Task to carry out — The expected result is a verbatim repetition of the lines from the start of the entries through the line containing "Venetian Glass SHARK", with the pictures removed.

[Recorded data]

══════════════════════════════

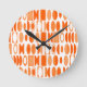 Cette horloge au design art déco fait d'ovales et de demi-ovales en blanc et dans les tons orangés.
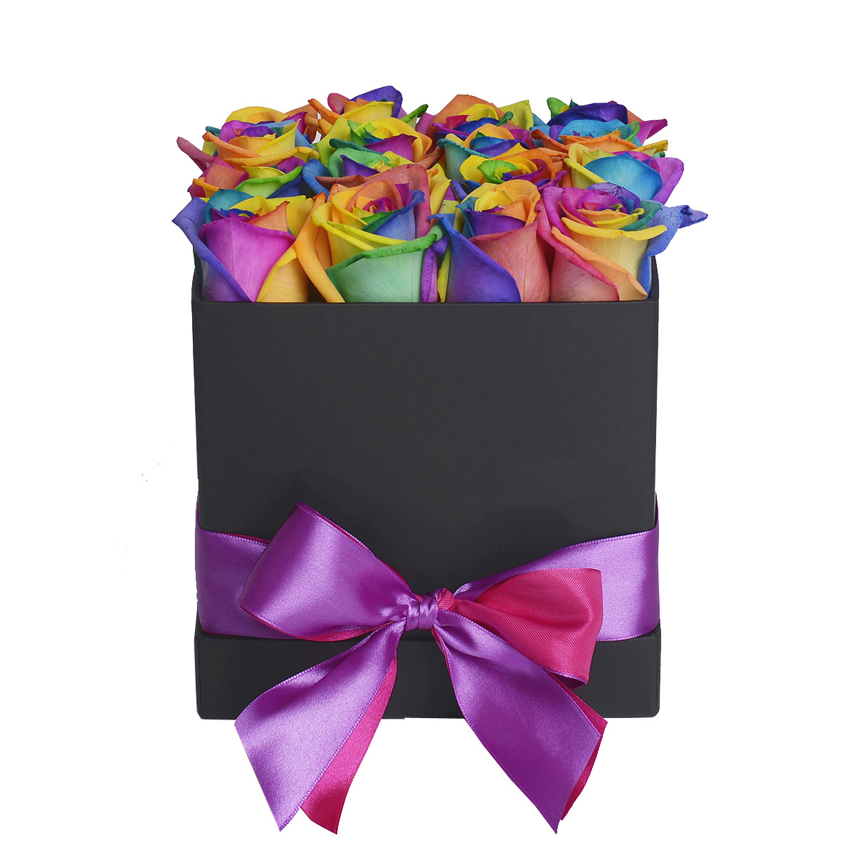 Цветы в коробке «Радужные Розы» с доставкой по г Благовещенск (Башкортостан): вы можете купить букет в гипермаркете цветов «Флормания» по цене от 2590 руб.
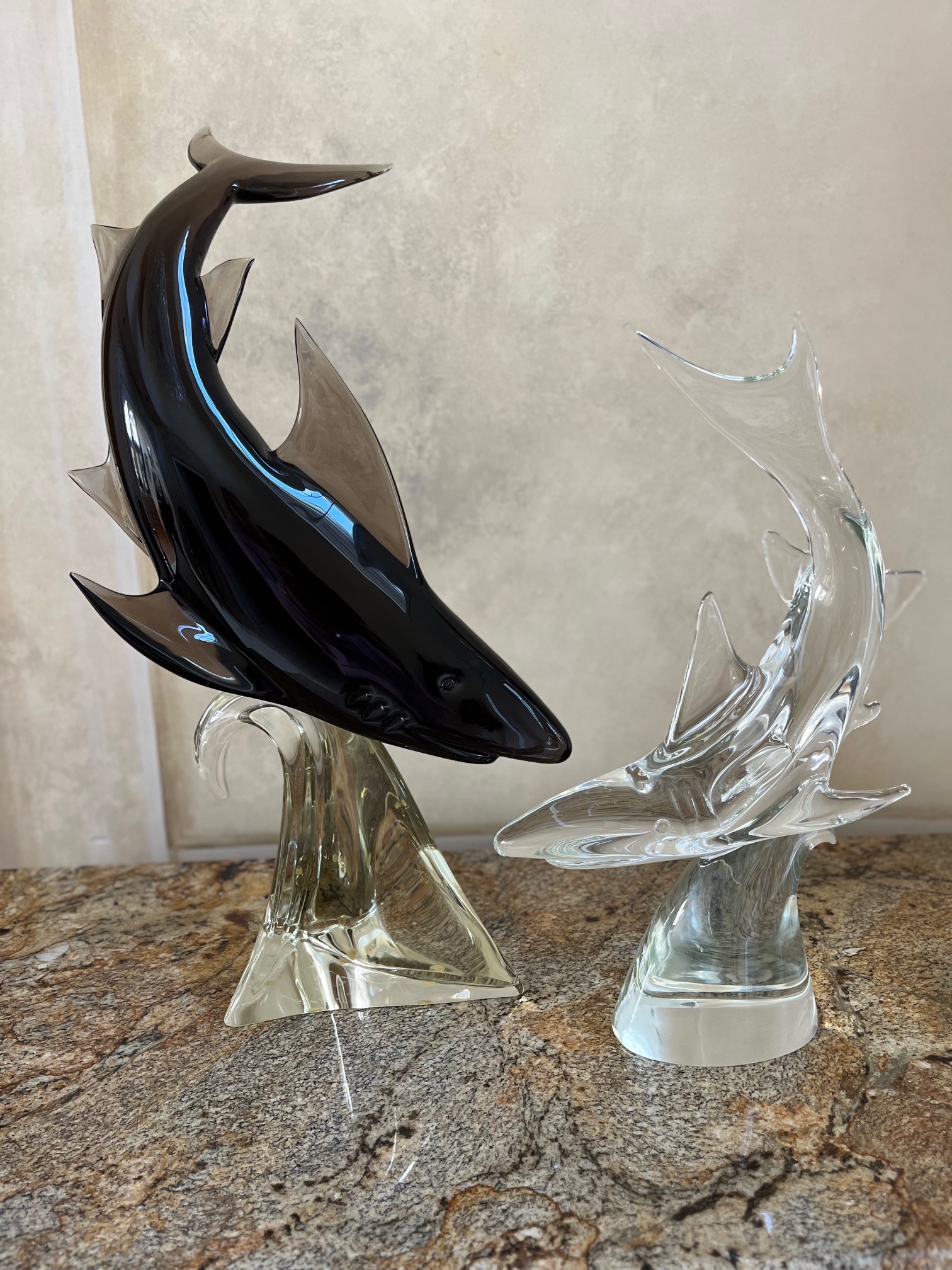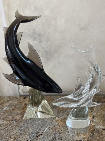 Venetian Glass SHARK Sculptures on signed base
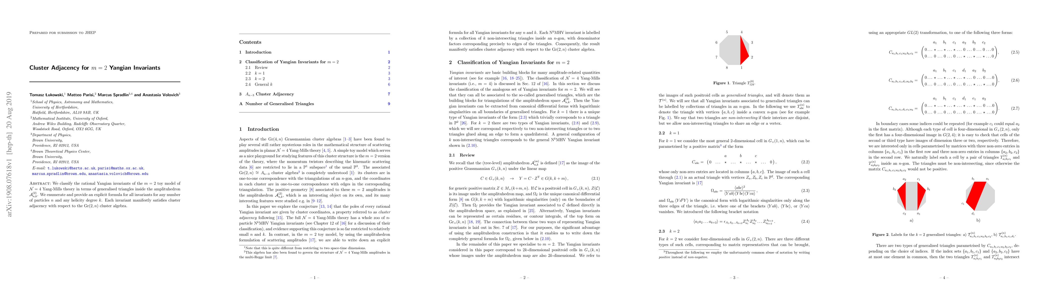 We classify the rational Yangian invariants of the $m=2$ toy model of $\mathcal{N}=4$ Yang-Mills theory in terms of generalised triangles inside the amplituhedron $\mathcal{A}_{n,k}^{(2)}$. We enumerate and provide an explicit formula for all invariants for any number of particles $n$ and any helicity degree $k$. Each invariant manifestly satisfies cluster adjacency with respect to the $Gr(2,n)$ cluster algebra.
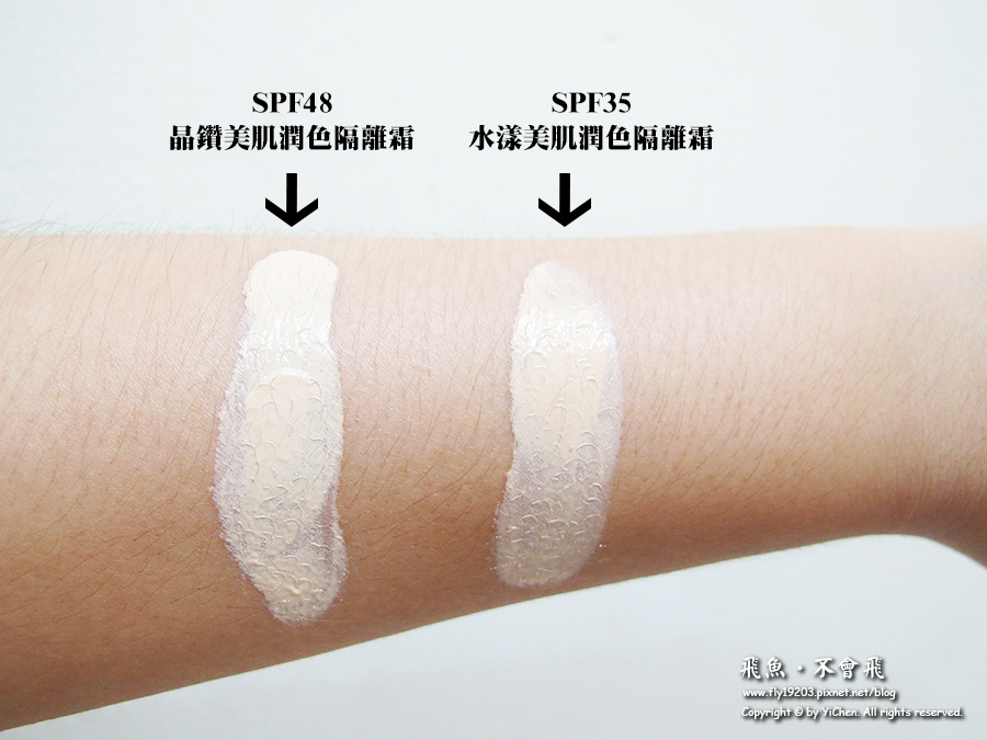 分別為「SPF35水漾美肌潤色隔離霜」、「SPF48晶鑽美肌潤色隔離霜」
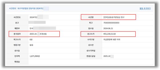 [사건의 개요]원고와 피고는 공동수급체로 이 사건 정비사업을 도급 받았고, 원고는 주관사로서 공사를 진행하되 피고는 공동수급체 비율에 따라 공동원가 분담을 하기로 약정하였습니다. 그런데 원고는 피고가 원고와의 공동원가분담의 약정에 따라 피고가 부담할 공동원가 공사비를 지급할 의무가 있으므로 원고에게 공사의 진행으로 발생한 공동원가 중 피고의 분담금 481,631,575원을 지급할 의무가 있다며, 피고를 상대로 공동분담금 청구의 소를 제기하였습니다.
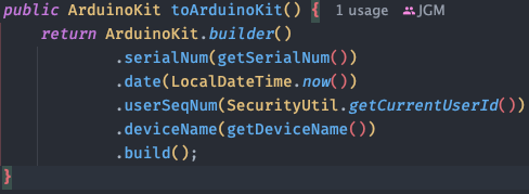 아두이노 키트로 변환할 때 필요한 plants 값을 넣어주지 않았기 때문에 발생한 문제였다. 그래서 기본값을 넣어줘야 하는데 이 글을 참고해서 @Default 어노테이션으로 기본값을 넣어줬다. 그리고 직접 @Default 를 넣었을 때 생성되는 코드를 확인해봤다.
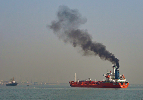 Ship coming in to the Port of Mumbai, India, emits a plume of black diesel smoke. February 27, 2018 (Photo by Cyprien Hauser)
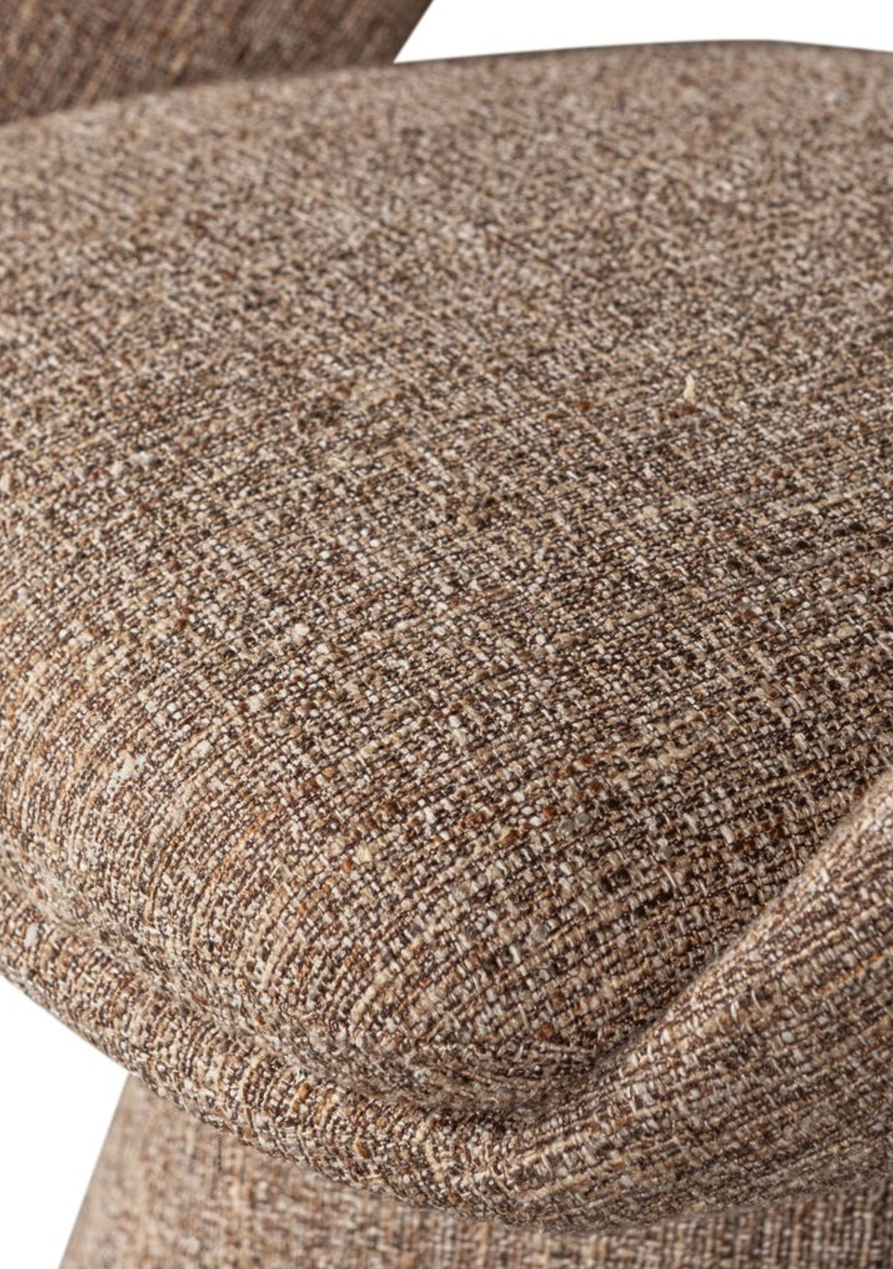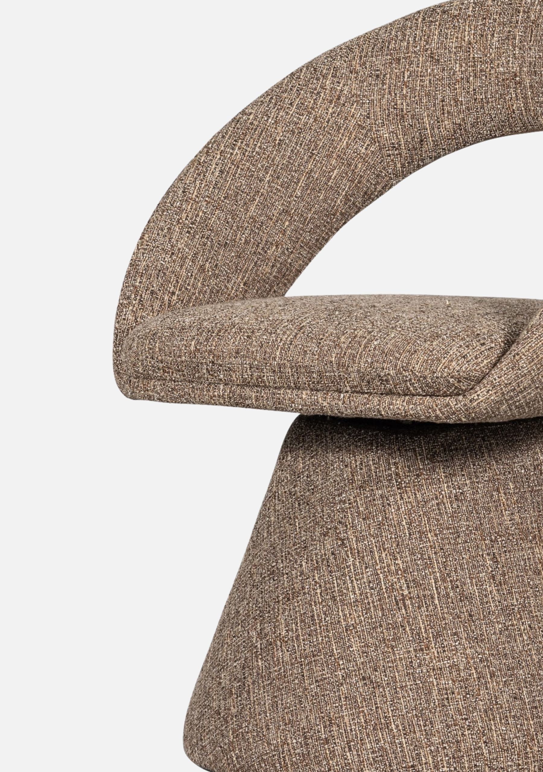 Elegant swivel dining chair in natural mélange fabric. Sculptural form, soft comfort, and timeless modernity.
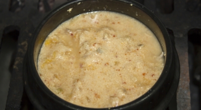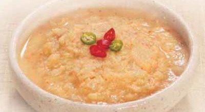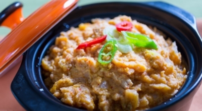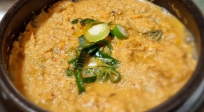 재료 : 콩비지 2와 2/3컵 (400g), 정수물 1과 1/2컵 (270g), 신김치 1컵 (130 g), 다진 돼지고기 약 1/2컵 (85g), 양파 1/4개 (60g), 대파 1/2대 (50g), 새우젓 약 1큰술 (22g), 청양고추 2개 (20g), 식용유 2큰술 (14 g), 간마늘 1/2큰술 (10g), 국간장 1큰술 (10g), 참기름 1큰술 (7g), 굵은 고춧가루 1/2큰술 (4g)
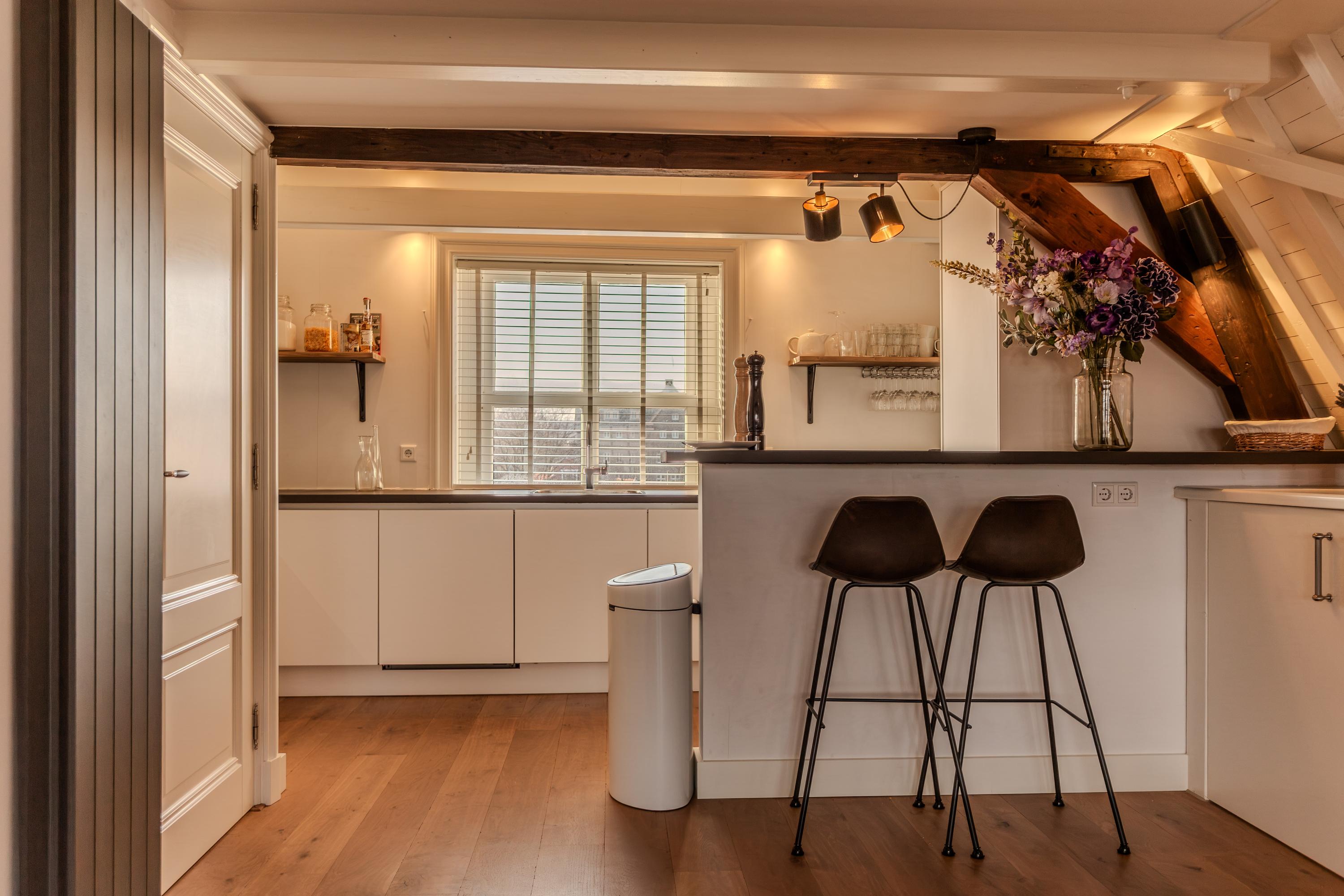 Het appartement ademt luxe en vakmanschap. De parketvloer, de kapconstructie en vele raampartijen zorgen voor een lichte en sfeervolle woonruimte met een prachtig uitzicht over de gracht. De moderne en ruime open keuken, uitgevoerd met een stijlvolle bar, is voorzien van moderne apparatuur, waaronder een inductiekookplaat, oven-magnetroncombinatie, vaatwasser en koel-vriescombinatie. Er is volop opbergruimte alsmede handige wandplanken, waardoor de keuken niet alleen esthetisch, maar ook functioneel is.
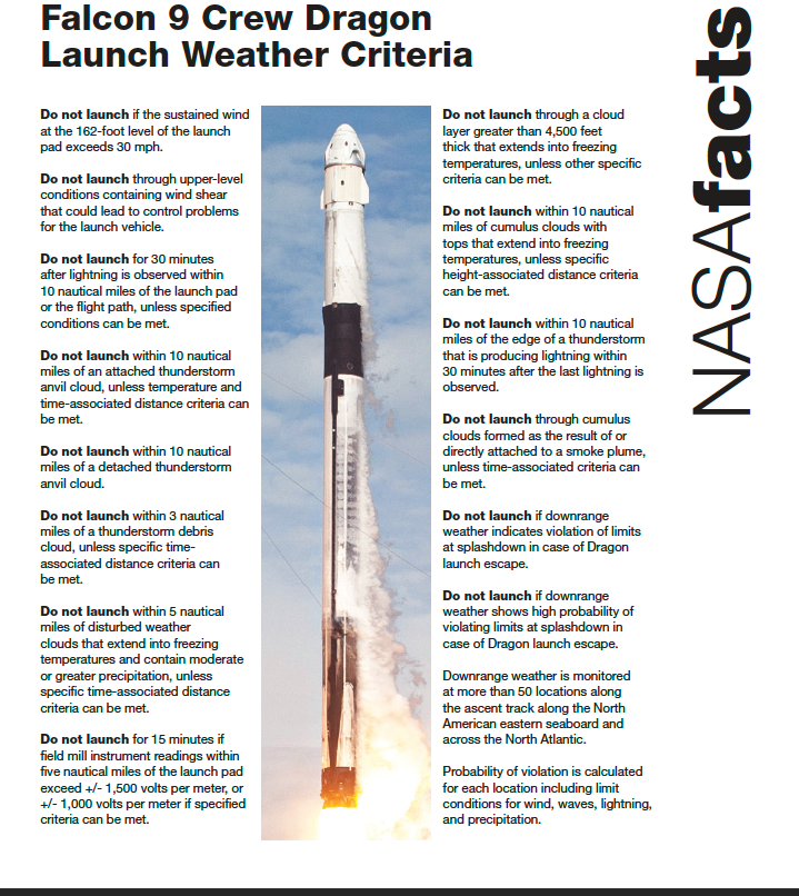 Tomorrow, NASA and SpaceX managers will conduct a flight readiness review at Kennedy to determine whether the Crew Dragon and its systems are ready for the mission. A news conference will follow at approximately 6 p.m., or one hour after the review concludes. Watch it live on NASA Television or on the web at https://www.nasa.gov/live.
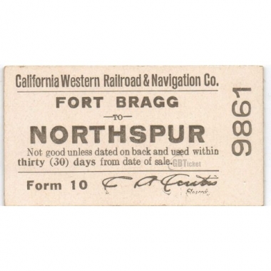 Railway Ticket, USA, California Western Railroad and Navigation Co, Fort Bragg - Northspur, Serial No 9861
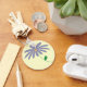 Customizable purple flower cartoon key chain. The yellow background can be easily changed to your favorite color. Great for everyone.
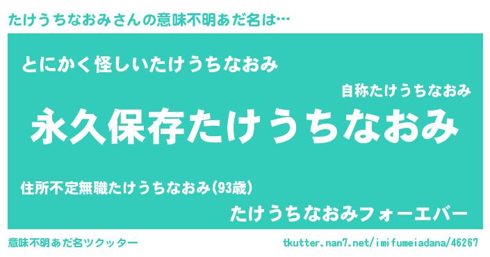 | 男性向けラノベタイトル風あだ名 | 『たけうちなおみという概念が存在しない退屈な世界 』 |
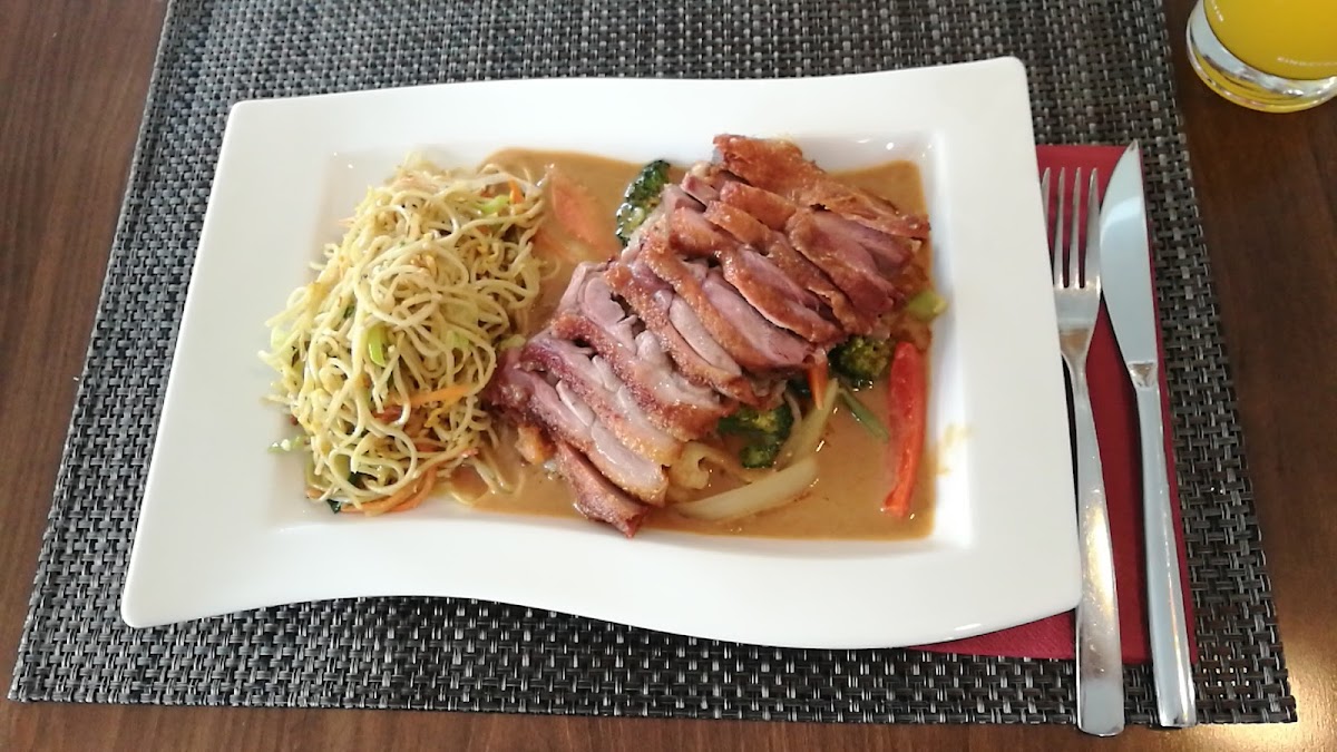 Lunch menu is really nice, including a drink, an appetizer (I like the tom yum soup with chicken and mushroom a lot - fresh ingredients). I ordered stir-fried beef with cashews and sate duck with noodles. Every dish is well-presented. Plus the staff is very friendly and enthusiastic in explaining the food.

══════════════════════════════

Written solution —
 Cette horloge au design art déco fait d'ovales et de demi-ovales en blanc et dans les tons orangés.
 Цветы в коробке «Радужные Розы» с доставкой по г Благовещенск (Башкортостан): вы можете купить букет в гипермаркете цветов «Флормания» по цене от 2590 руб.
 Venetian Glass SHARK Sculptures on signed base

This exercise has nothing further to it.